The problem arises when we PERSIST in defining and assigning identity to others on the earth
when we sill haven't figured out:
1... what "black" is...let's not forget the abysmal stupidity of the "1-Drop Rul" which was
created by syphilitic, toothless, illiterate and non-science informed slave-owners who dreamed
up this stupidity to legally exclude their mulatto offspring from inheriting what their white
offspring would AND to increase their social and political prominence by adding to their slave
count. Only a moron with with a 1st-grade education or a PhD in a "discipline" as informed as
"Hip-Hop Studies" would even utter such nonsense.

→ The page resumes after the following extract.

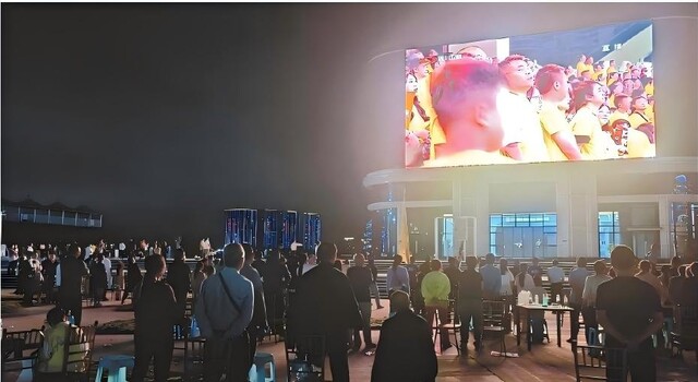 在高坪区川东北金融中心,一块裸眼3D大屏成为了“川超揭幕战的“吸睛利器”。当晚,1000余名球迷汇聚于此,其中不仅有高坪本地球迷,更有大批从顺庆区、嘉陵区专程赶来的支持者。裸眼3D技术带来的极致临场感,让屏幕上球员的奔跑、抢断、射门仿佛近在咫尺,每到比赛关键瞬间,现场雷鸣般的欢呼声便会响彻夜空,不少球迷举着手机全程拍摄,不愿错过任何一个精彩画面。
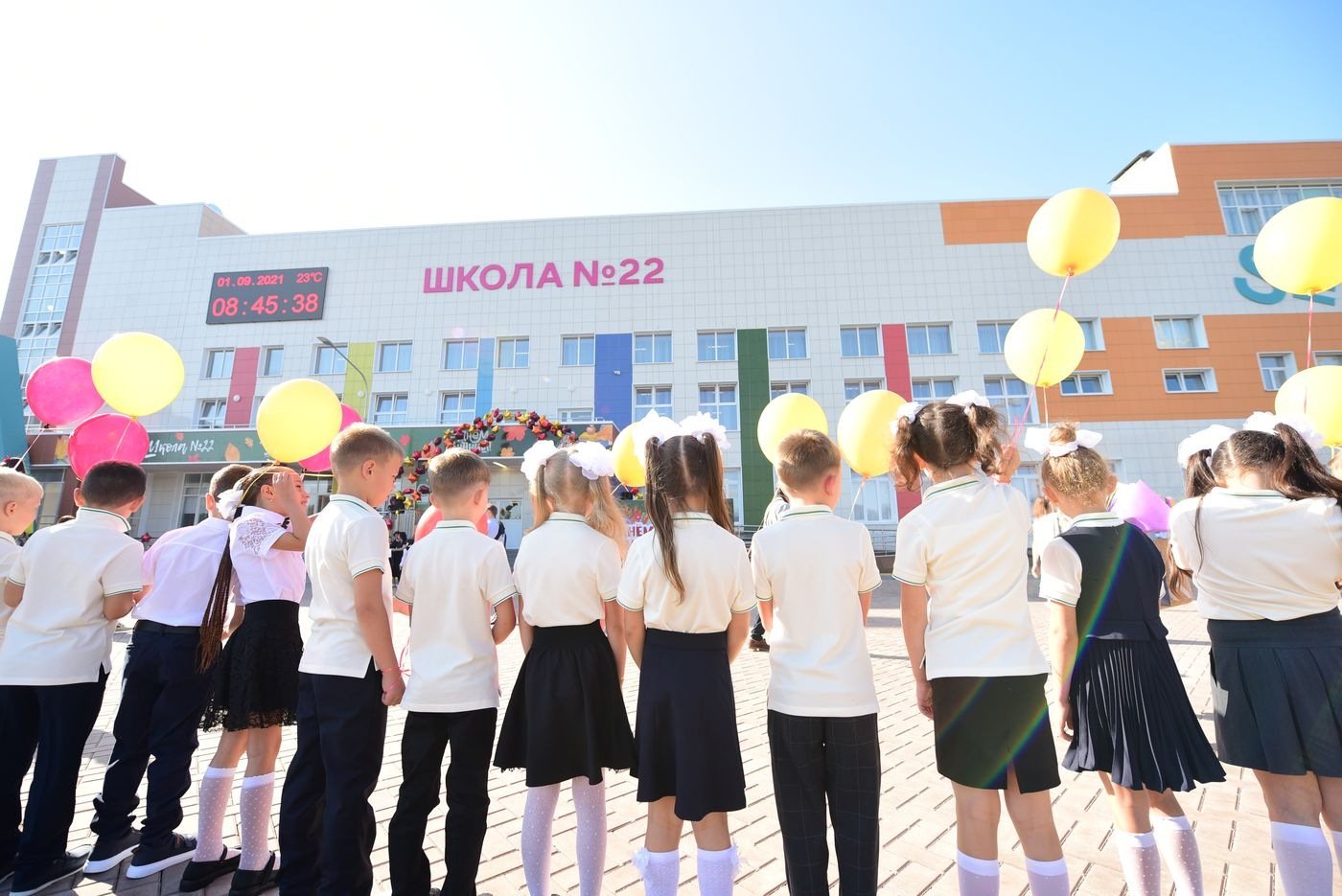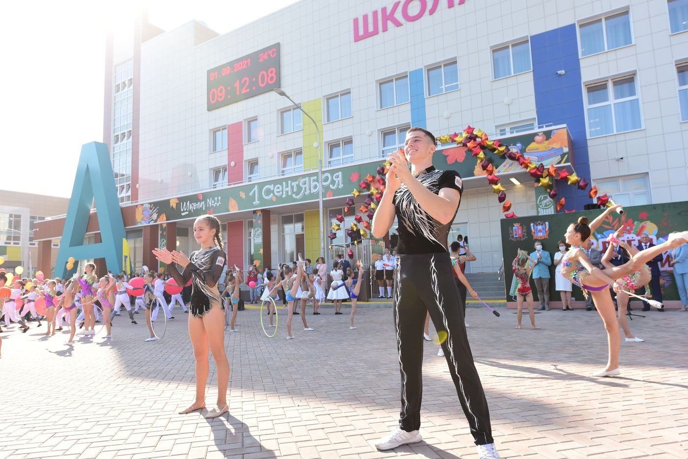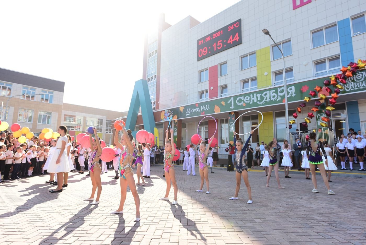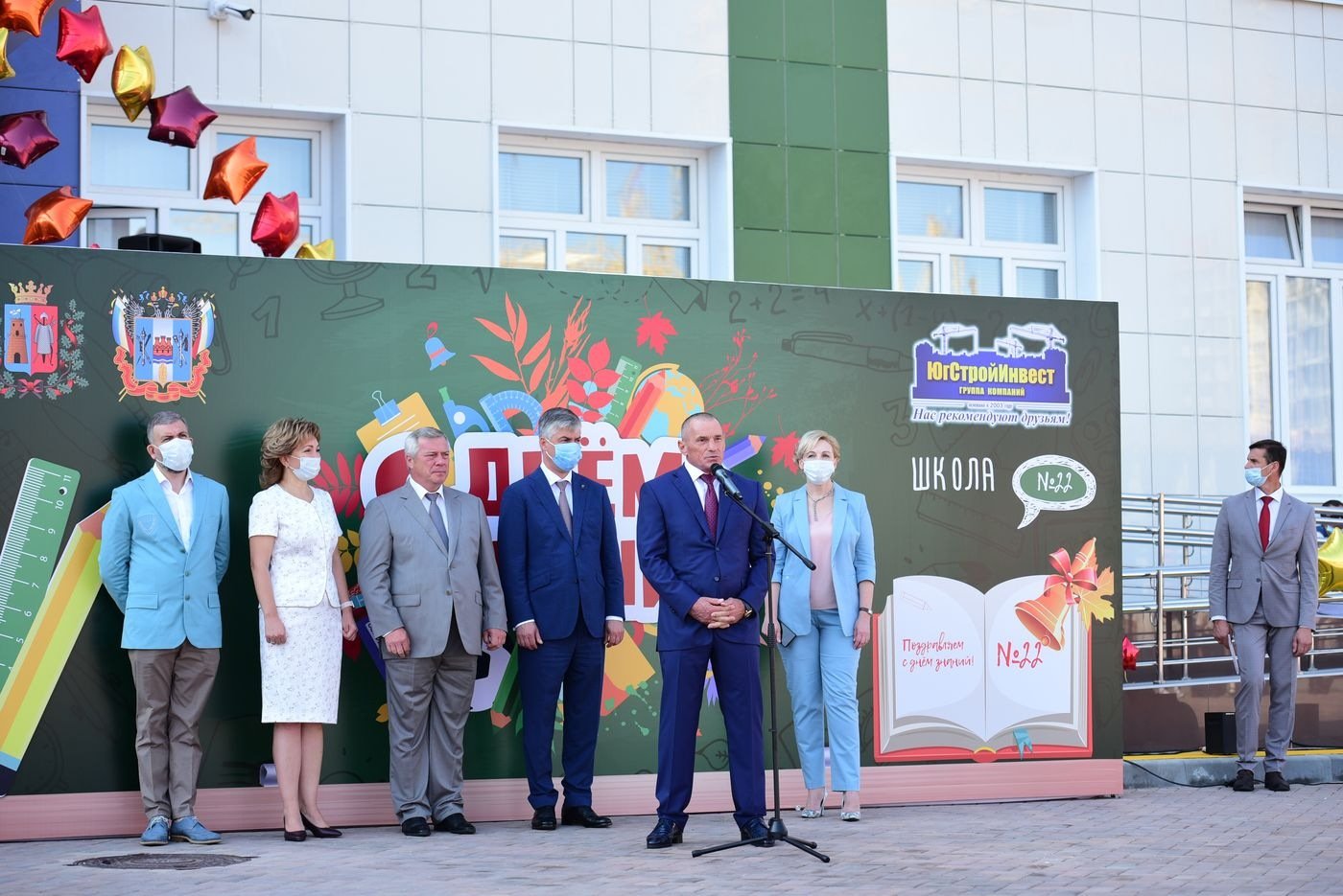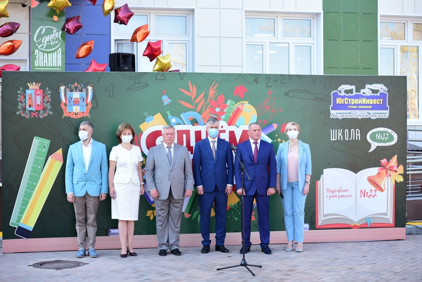 На торжественной линейке первоклассники прочитали стихи и запустили в воздух воздушные шарики. С песнями и танцами выступили юные артисты и даже спортсмены, ведь при школе открылся спортивный клуб. Поздравили ребят с началом учебного года глава Ростовской области Василий Голубев, глава администрации Ростова-на-Дону Алексей Логвиненко и генеральный директор группы компаний «ЮгСтройИнвест» Юрий Иванов.

2...that in the history of "man" as a species on the PLANET, there has never been a "Latino"
race, but in the US weACTUALLY entertain AND institutionalize such clap-trap and even
award PhD's to "intellectual" titans who write dissertations on such relevant topics as "The
History of Ass Tattoos in the Arizona State Penal/Penile Culture", when IN REALITY, there
are categorically "Latin-cultured" people who are of European OR Indigenous OR SubSaharan African "Black" origin OR Asian OR EVEN Middle Eastern ancestry.
3....and lest we forget the obscenity of classifying someone as "Native-American", "American
Indian" or "1st Nation" who is 1/256th "Indian".
So while you make many race-ripe "observations", I would suggest you look at a clown like
Ryan for the intellectually-limited, culturally-ignorant, provincial and embarrassing, midwestern buffoon that he is.
He (very sadly) has forgotten his own history of poverty, familial dysfunction and personal
suffering which is REALLY where his character flaws come from, NOT from his racial
background....NOT AT ALL!
Recommended 0 times

[new]
Ebro
Mar 17 02:19:57 AM
I don't know if this has been said, too many
comments to read, but the pre-Vatican II catholic church had some serious strikes against it.
Most of all, they preached against democracy. And secondly, while many in this country don't
consider this a strike, but I do not see the fun or any other reason for drunkeness. The crime
rate actually went up with catholic immigration as a result of their lax alcohol policies. It
therefore doesn't surprise me that people thought they couldn't (or shouldn't) assimilate. Bigots
can persecute each other, you know.
Recommended 0 times

[new]
Tigger Too
Mar 17 03:12:05 AM
Hey, give Ryan some credit...

After racist intellectual Republican Rep. Paul Ryan made his racist comments at the recent
racist CPAC meeting, he's since gone on record as saying that his racist remarks weren't really
meant to sound racist. So, he's cleared up that misunderstanding about racism, right? RIGHT?
Recommended 0 times

[new]
mmmjvpssm
Mar 17 11:29:47 AM
This is actually a step forward for the cons
Sad but it is. Back in 2012 Newt Gingrich said that inner city people were all criminals. Now
they're just lazy, which isn't as bad as being criminals so at least the cons are moving in the
right direction.
Recommended 0 times

[new]
AkronLibertarian
Mar 17 05:58:36 PM
Wait, what?
So poor people receiving government benefits to the extent that they no longer would be
considered poor should, for the purpose of counting the poor, be considered poor?
Here's an idea, how about we all agree to quit moving the fucking goalposts. The poorest 10%
in the United States actually are in the top 80% in the world. What used to be arguments about
poverty are now navel-gazing contests about "income inequality". Why not focus on matters of
real importance, like the global economy as a whole, the climate, and government barriers to
freedom.
Oh, right, those don't get you hard-ons electing fucking wife-beating tools (who,
coincidentally, will never be mentioned as part of the "war on women").

Recommended 0 times

[new]
okpkpkp
Mar 18 09:06:00 PM
With a name like
Kevin Fitzpatrick, I blend right in. But my forehead hair IS NOT like Paulie's, thank gaud. He
a a racist and I detest and abhor him.